An attitude toward the past dominated by present-day attitudes and experiences.
Presentism | Definition of Presentism by Merriam-Websterwww.merriam-webster.com
A large component of the anti-racist movement is to constantly relive the past. It is OK to explain the effects of the past event into the present. However, it is not Ok to beat up white people or to embrace the noble victim status. The past should be analyzed academically so we can learn from it.
You may choose to be critical of the *social scene* around the politics of anti-racism, but then that's no longer really being *political* -- you're then a *social critic* of some kind, and maybe you want to sell your written observations to the New Yorker, or something.
If you stick to the *politics* of the matter then you won't be blurring any lines, and you won't have any confusion over your social-scene role -- this, incidentally, is how I do my own participation. I tend to *compartmentalize* according to these three categories, by scale:
History, Macro-Micro -- politics-logistics-lifestyle
By the same reasoning you're *correct* -- that 'lifestyle', or, more broadly, the context of on-the-ground interpersonal *civil society*, is not usually explicitly political, so beating up a random white person wouldn't typically be commonly seen as 'political', and so it's not, and shouldn't be done, because it would more normally be seen as *criminal*, especially to the victim. (At a fascist rally, it's a different story, due to the explicitly *political* context.)

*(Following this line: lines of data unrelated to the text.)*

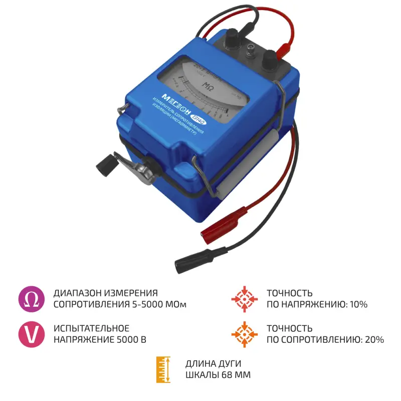 Испытательное напряжение в 5000 В обеспечивает надежное выполнение измерений, позволяя точно оценивать состояние изоляции. Погрешности по напряжению и сопротивлению составляют 10% и 20% соответственно, что гарантирует достаточный уровень точности для большинства практических приложений. Длина дуги шкалы, равная примерно 68 мм, облегчает считывание значений, что особенно важно в условиях, когда время имеет значение.
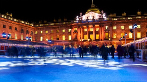 Somerset House Ice Rink es la pista de patinaje más antigua de Londres y también la pista preferida por la mayoría de londinenses. Ubicada en un palacio neoclásico a orillas del Támesis, es en su patio interior, el mismo que se usa para la London Fahsion Week, donde se instala la pista al aire libre. ¿Has patinado alguna vez en un palacio? ¡No te lo puedes perder! Además si vas de noche la iluminación es espectacular…
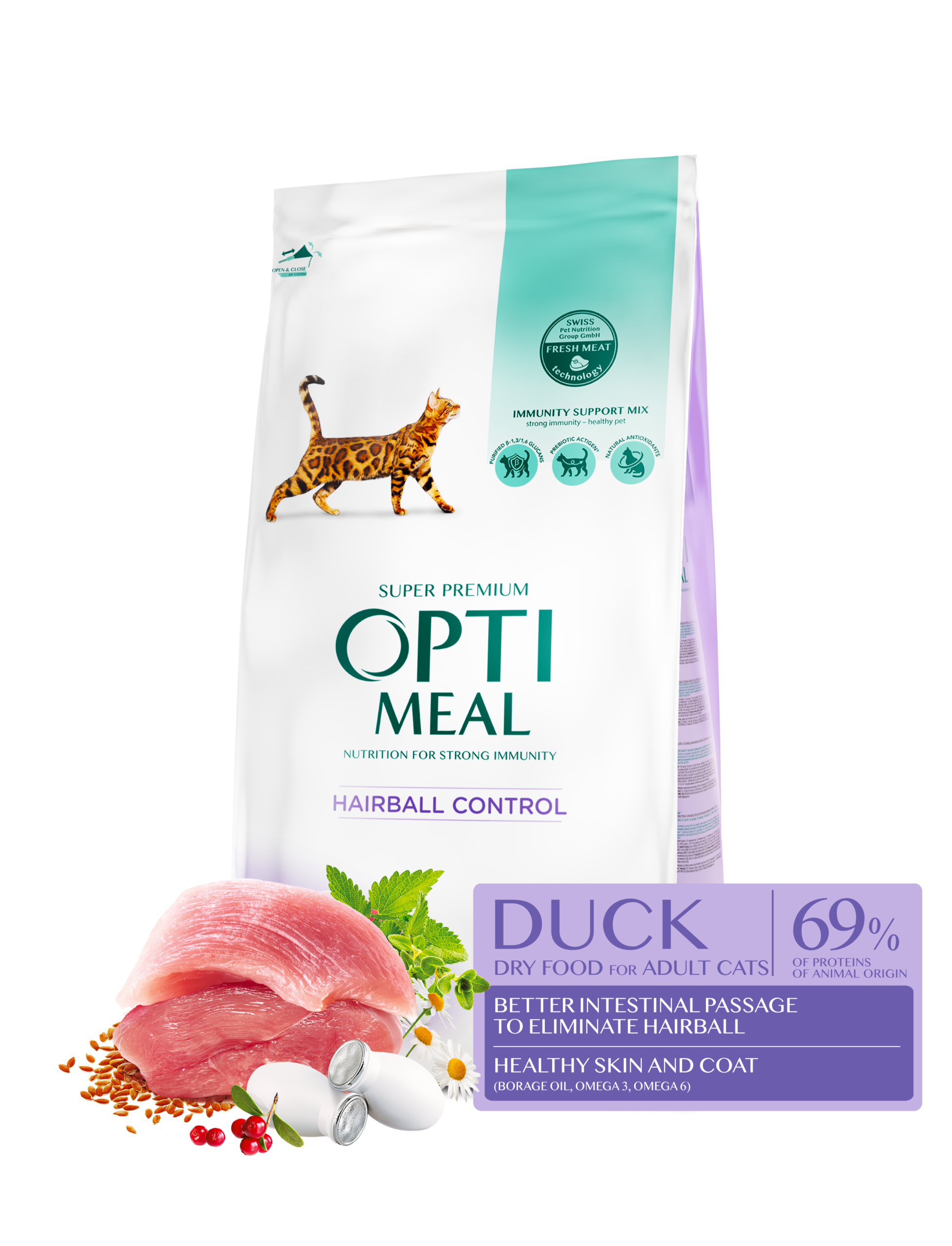 مدعّم بمزيج دعم المناعة (Immunity Support Mix) لتعزيز الدفاعات الطبيعية، ويحتوي على 44٪ بروتين من مصادر حيوانية لدعم التغذية المتوازنة والطاقة اليومية.
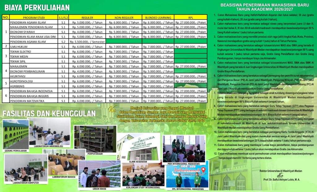 Penerimaan Mahasiswa Baru Universitas Al Washliyah Medan Tahun Akademik 2026/2027
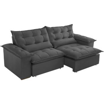 Sofá Retrátil e Reclinável Niger 2,50 m Veludo Cinza B010 – TREVO ESTOFADOS
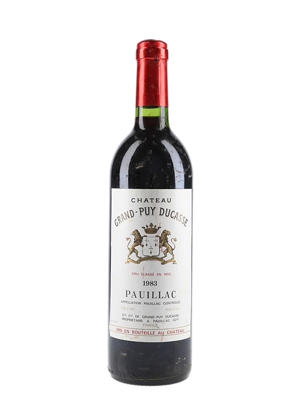 A bottle of 1983 Château Grand Puy Ducasse , a 40 hectare 'Cinquième Cru Classé property in Bordeaux's Pauillac appellation planted with 60% Cabernet Sauvignon and 40% Merlot.
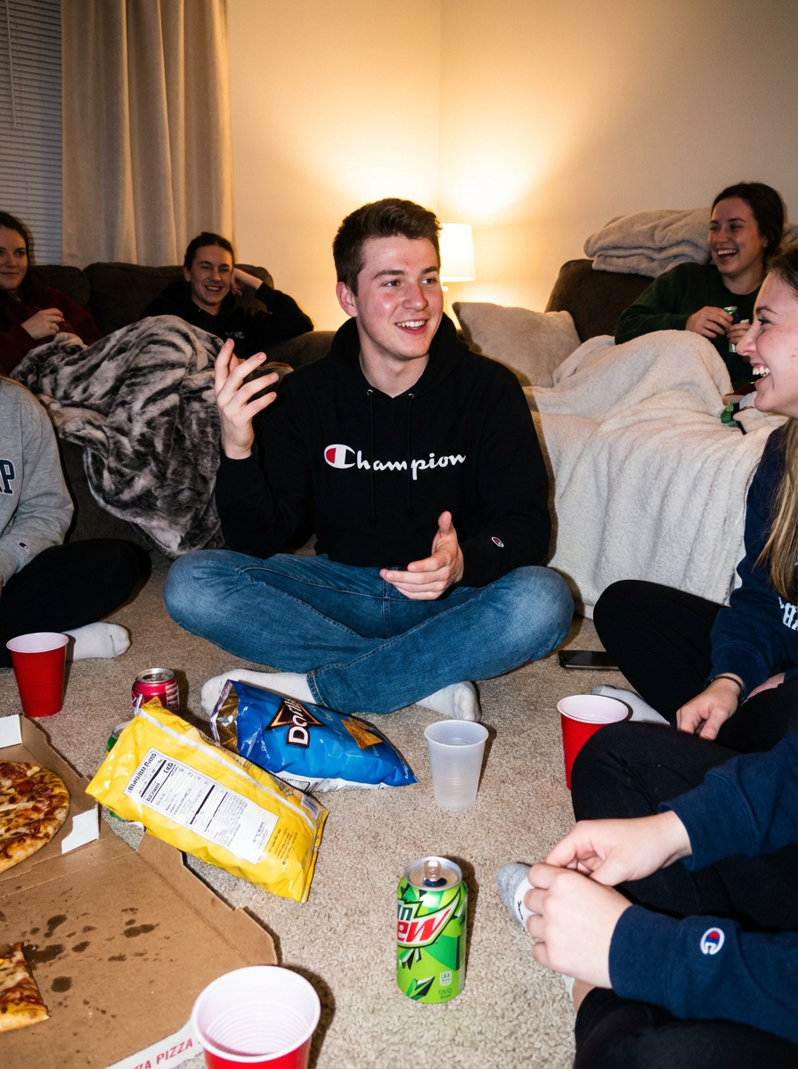 camera flash overexposed, model sitting on the floor with friends, snacks and drinks around. Wearing hoodie, telling a story. Flash, cozy, late night hangout.

I'll just add, as a sidenote, that an 'academic' analysis isn't necessarily the *correct* one, because it tends to be somewhat *privileged* in nature, and *liberal* / reformist on the political spectrum. As a revolutionary I'd say that the *class* analysis matters most since it's the most deterministic social dynamic throughout all of human social history, and is at the very *top* of my 'history' taxonomy graphic above.
Aristotle thought women were only good for sex and procreation. That does not negate the greatness of Aristotle. Jefferson and Washington were creatures of another era and made errors, however they are the pillars of America. I would assume a well educated person would accept that and move on------unless the amygdala in the limbic system takes over due to racial PTSD.
As for Lincoln: His intentions were likely to be much more complex than compassion for slaves. I suspect that he was a man of that era even if he did not own slaves. Nevertheless, he ended slavery.
I do not like the emancipation statue with the slave kneeling. I understand the statue was solely paid funds from ex-slaves. This brings another subject of racism: The concept of insecurity. I can see why that statue would bother someone that is a bit insecure. OTOH, a person with great self esteem would acknowledge the statue without suffering any anguish. With regards to that statue I would simply remodel it to show the slave standing up next to Lincoln.
Or maybe a statue of a full-blast *slave rebellion* of several people....
America was founded by Englishmen and the English at one time owned 33% of the world. BTW, the English also looked down on the Scotts and the Irish. They made fun of their culture and accent.